Problems in multithreading:
1) Multi-threaded storage of data:
def test_save_features_to_db(self):
df1 = pd.read_csv('/home/sc/PycharmProjects/risk-model/xg_test/statis_data/shixin_company.csv')
com_list = df1['company_name'].values.tolist()
# com_list = com_list[400015:400019]
# print 'test_save_features_to_db'
# print(com_list)
p_list = [] # Process list
i = 1
p_size = len(com_list)
for company_name in com_list:
# Create process
p = Process(target=self.__save_data_iter_method, args=[company_name])
# p.daemon = True
p_list.append(p)
# Intermittent execution process
if i % 20 == 0 or i == p_size: # 20 Page processing 1 Times, Finally 1 Page processing residue
for p in p_list:
p.start()
for p in p_list:
p.join() # Wait for the process to end
p_list = [] # Empty the list of processes
i += 1
Summary: When writing to multiple processes, lock is not required, and no return value is required.
Core p = Process (target=self.__save_data_iter_method, args= [company_name]), where target points to a full iteration of multiple processes and arg is the input to that iteration.
Note that the writing args= [company_name] is correct. The original writing: args=company_name, args= (company_name) will report the following error: only one parameter is needed, but 34 parameters are given.
Multi-process outer loop is determined by input, and there are as many loops as there are inputs. Understand p. start and p. join;
def __save_data_iter_method(self, com):
# time_start = time.time()
# print(com)
f_d_t = ShiXinFeaturesDealSvc()
res = f_d_t.get_time_features(company_name=com)
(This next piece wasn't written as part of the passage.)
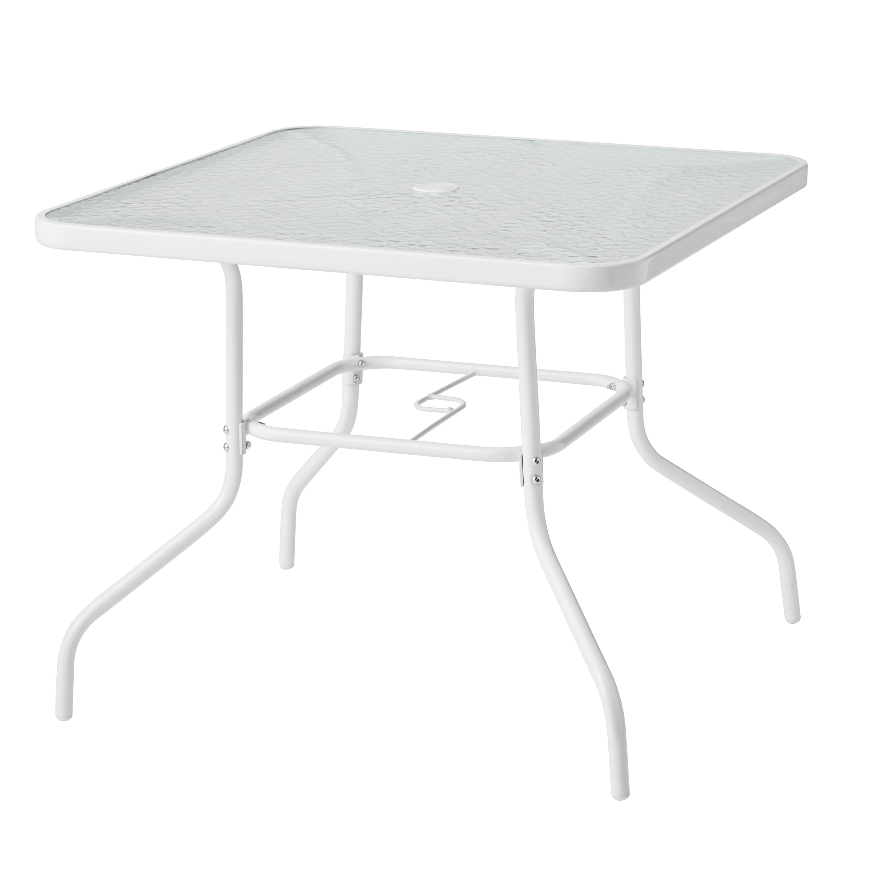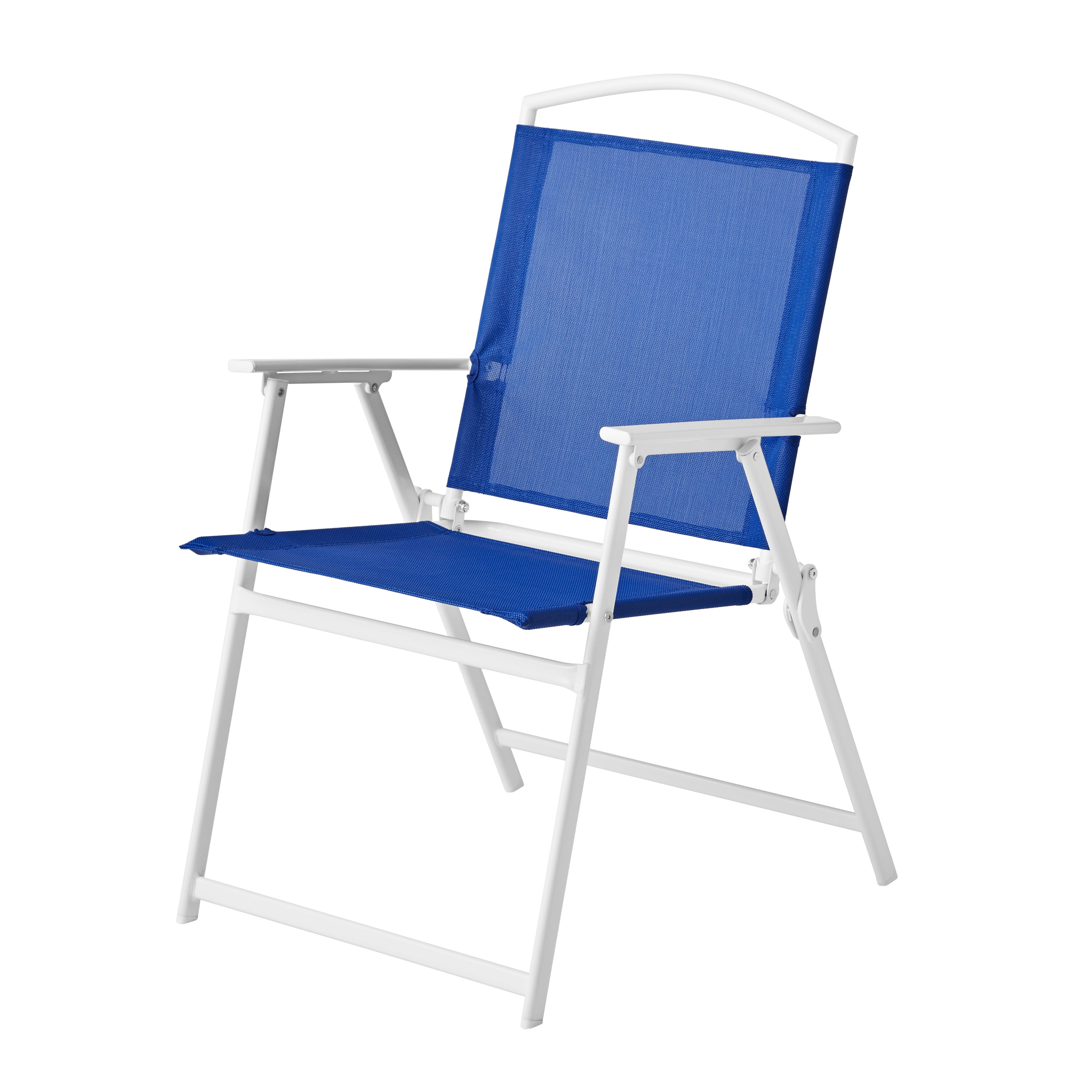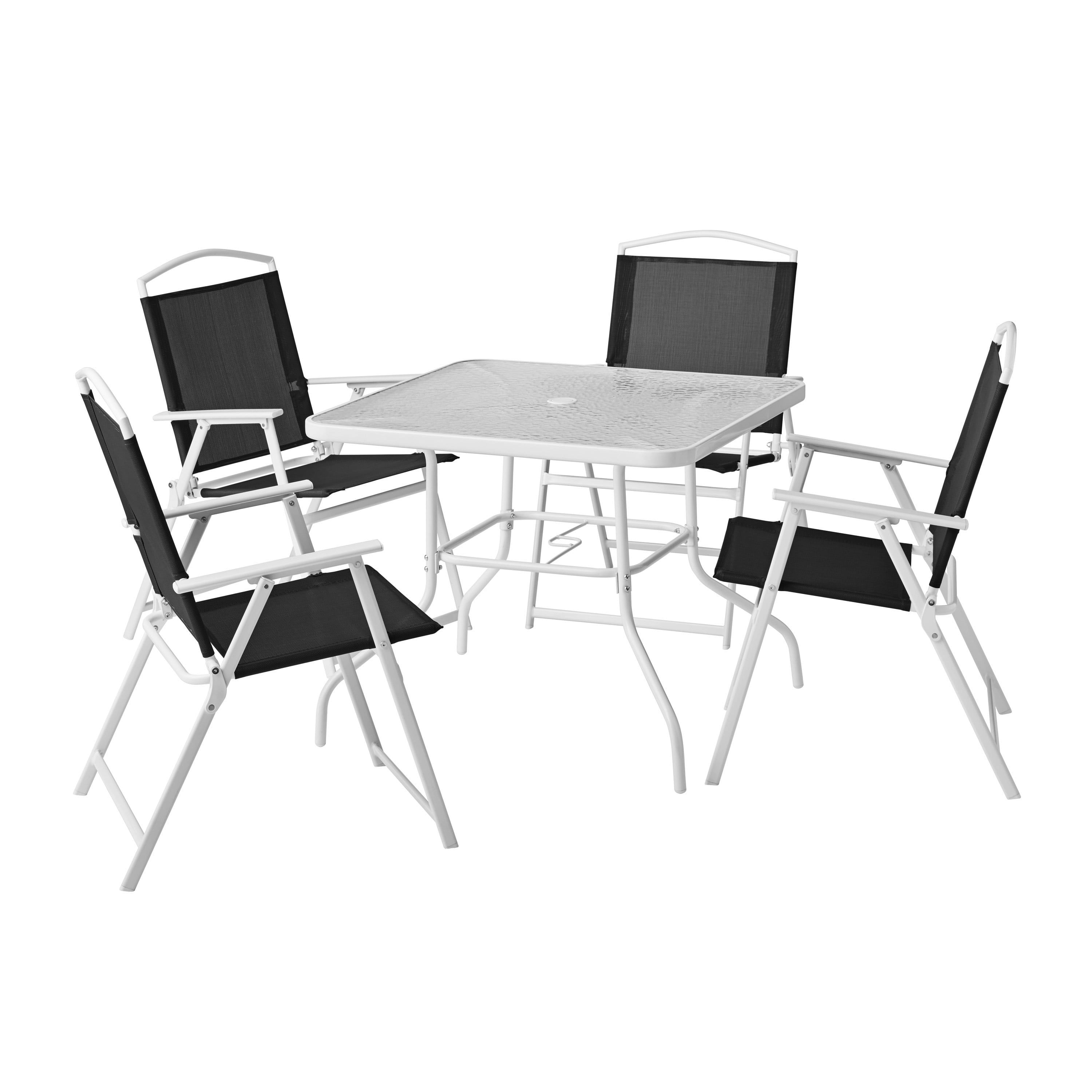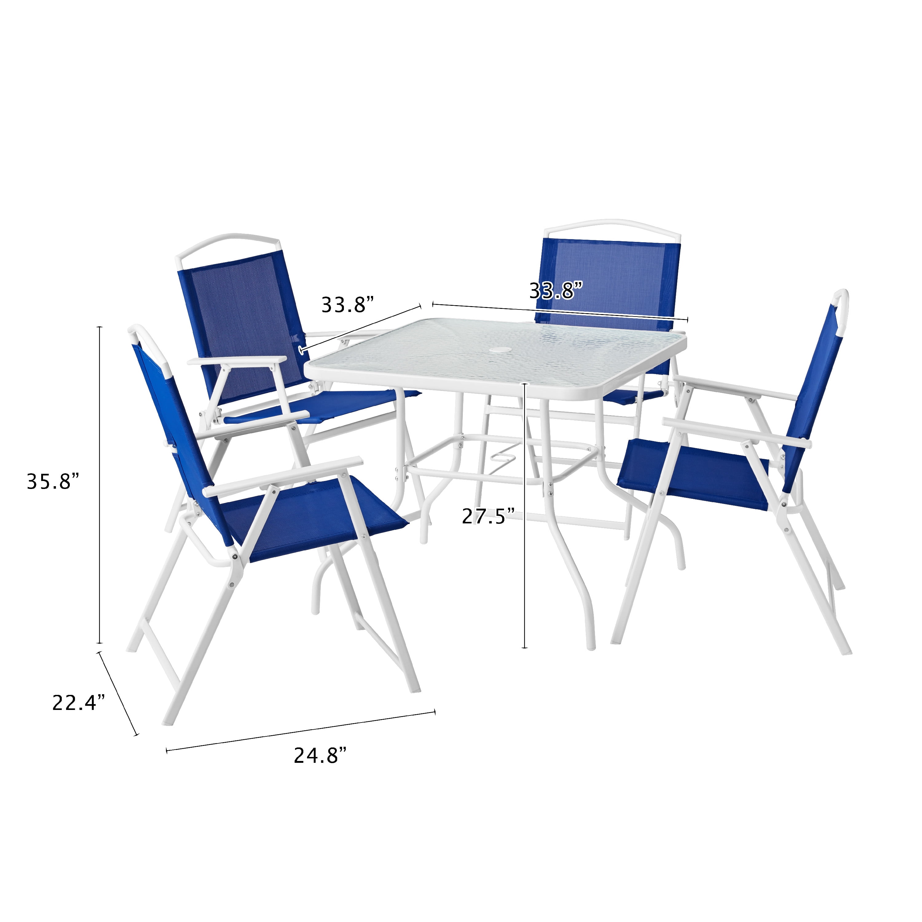 Mainstays Albany Lane Outdoor Patio 5-Piece Dining Set, White Steel Frame and Blue Sling Durable powder-coating steel frame for long-lasting use Weather-resistant treatment Quick-drying ventilated sling fabric is easy to care for Tempered glass tabletop with umbrella hole Assembly details: No assembly required for chairs; Required assembly hardware included for table Folds flat for convenient storage Great for use on patios, lanais, porches, gardens, yards, pool areas, and more Easy to maintain; simply wipe down with soap and water as needed and allow to air dry Assembled Product Dimensions (L x W x H): chair – 25” x 22.63” x 35.8” ; table – 33.8” x 33.8” x 27.5” Product weight: chairs – 9.3 lbs. each, table – 26.8 lbs

# Whether to break one's promise
shixin_label = res.shixin_label
key1 = res.shixin_time
if key1:
public_at = res.shixin_time
company_name = res.time_map_features[key1].company_name
# print(company_name)
established_years = res.time_map_features[key1].established_years
industry_dx_rate = res.time_map_features[key1].industry_dx_rate
regcap_change_cnt = res.time_map_features[key1].regcap_change_cnt
share_change_cnt = res.time_map_features[key1].share_change_cnt
industry_dx_cnt = res.time_map_features[key1].industry_dx_cnt
address_change_cnt = res.time_map_features[key1].address_change_cnt
fr_change_cnt = res.time_map_features[key1].fr_change_cnt
judgedoc_cnt = res.time_map_features[key1].judgedoc_cnt
bidding_cnt = res.time_map_features[key1].bidding_cnt
trade_mark_cnt = res.time_map_features[key1].trade_mark_cnt
network_share_cancel_cnt = res.time_map_features[key1].network_share_cancel_cnt
cancel_cnt = res.time_map_features[key1].cancel_cnt
industry_all_cnt = res.time_map_features[key1].industry_all_cnt
network_share_zhixing_cnt = res.time_map_features[key1].network_share_zhixing_cnt
network_share_judge_doc_cnt = res.time_map_features[key1].network_share_judge_doc_cnt
net_judgedoc_defendant_cnt = res.time_map_features[key1].net_judgedoc_defendant_cnt
judge_doc_cnt = res.time_map_features[key1].judge_doc_cnt
f_d_do = ShixinFeaturesDto(company_name=company_name, established_years=established_years,
industry_dx_rate=industry_dx_rate, regcap_change_cnt=regcap_change_cnt,
share_change_cnt=share_change_cnt, industry_all_cnt=industry_all_cnt,
industry_dx_cnt=industry_dx_cnt, address_change_cnt=address_change_cnt,
fr_change_cnt=fr_change_cnt, judgedoc_cnt=judgedoc_cnt,
bidding_cnt=bidding_cnt, trade_mark_cnt=trade_mark_cnt,
network_share_cancel_cnt=network_share_cancel_cnt, cancel_cnt=cancel_cnt,
network_share_zhixing_cnt=network_share_zhixing_cnt,
network_share_judge_doc_cnt=network_share_judge_doc_cnt,
net_judgedoc_defendant_cnt=net_judgedoc_defendant_cnt,
judge_doc_cnt=judge_doc_cnt, public_at=public_at, shixin_label=shixin_label)
# time_end = time.time()
# print('totally cost', time_end - time_start)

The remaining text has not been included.